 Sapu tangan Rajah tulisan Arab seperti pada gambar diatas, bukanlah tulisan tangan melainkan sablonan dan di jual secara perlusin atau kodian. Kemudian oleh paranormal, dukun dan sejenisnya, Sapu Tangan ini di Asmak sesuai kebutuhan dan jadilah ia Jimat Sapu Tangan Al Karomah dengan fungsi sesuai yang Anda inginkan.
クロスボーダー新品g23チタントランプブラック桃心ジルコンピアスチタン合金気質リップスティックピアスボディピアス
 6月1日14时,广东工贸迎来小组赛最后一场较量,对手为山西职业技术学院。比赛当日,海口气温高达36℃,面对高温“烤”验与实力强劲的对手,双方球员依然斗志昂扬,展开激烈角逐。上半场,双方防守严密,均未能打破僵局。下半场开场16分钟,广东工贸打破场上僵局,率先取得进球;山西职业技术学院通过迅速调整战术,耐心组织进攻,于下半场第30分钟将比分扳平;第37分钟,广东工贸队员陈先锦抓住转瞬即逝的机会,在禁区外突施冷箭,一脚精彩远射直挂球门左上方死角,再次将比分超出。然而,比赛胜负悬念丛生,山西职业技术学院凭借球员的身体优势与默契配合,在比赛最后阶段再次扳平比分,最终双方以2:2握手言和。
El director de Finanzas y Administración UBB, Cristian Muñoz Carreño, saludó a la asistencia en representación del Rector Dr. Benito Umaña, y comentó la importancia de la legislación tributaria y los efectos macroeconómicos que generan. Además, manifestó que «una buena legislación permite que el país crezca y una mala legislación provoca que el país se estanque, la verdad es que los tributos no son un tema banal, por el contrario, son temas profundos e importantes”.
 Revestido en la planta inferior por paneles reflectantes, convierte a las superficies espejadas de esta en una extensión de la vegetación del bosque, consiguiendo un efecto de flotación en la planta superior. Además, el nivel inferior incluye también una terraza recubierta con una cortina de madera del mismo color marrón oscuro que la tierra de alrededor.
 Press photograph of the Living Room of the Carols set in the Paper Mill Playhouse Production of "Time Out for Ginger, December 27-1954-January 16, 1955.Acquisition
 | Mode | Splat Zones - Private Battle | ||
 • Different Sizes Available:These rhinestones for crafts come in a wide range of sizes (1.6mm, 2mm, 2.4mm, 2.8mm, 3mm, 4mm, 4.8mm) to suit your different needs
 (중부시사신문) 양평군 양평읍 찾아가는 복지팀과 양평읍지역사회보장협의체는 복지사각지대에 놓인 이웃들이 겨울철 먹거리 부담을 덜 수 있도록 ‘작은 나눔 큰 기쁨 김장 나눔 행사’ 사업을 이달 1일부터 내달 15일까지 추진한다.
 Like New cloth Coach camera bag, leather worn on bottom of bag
┄┄┄┄┄┄
▶ [What you will do] Each line holding the word "Además" must be pulled from the records.

▶ [Answer to this exercise]
El director de Finanzas y Administración UBB, Cristian Muñoz Carreño, saludó a la asistencia en representación del Rector Dr. Benito Umaña, y comentó la importancia de la legislación tributaria y los efectos macroeconómicos que generan. Además, manifestó que «una buena legislación permite que el país crezca y una mala legislación provoca que el país se estanque, la verdad es que los tributos no son un tema banal, por el contrario, son temas profundos e importantes”.
 Revestido en la planta inferior por paneles reflectantes, convierte a las superficies espejadas de esta en una extensión de la vegetación del bosque, consiguiendo un efecto de flotación en la planta superior. Además, el nivel inferior incluye también una terraza recubierta con una cortina de madera del mismo color marrón oscuro que la tierra de alrededor.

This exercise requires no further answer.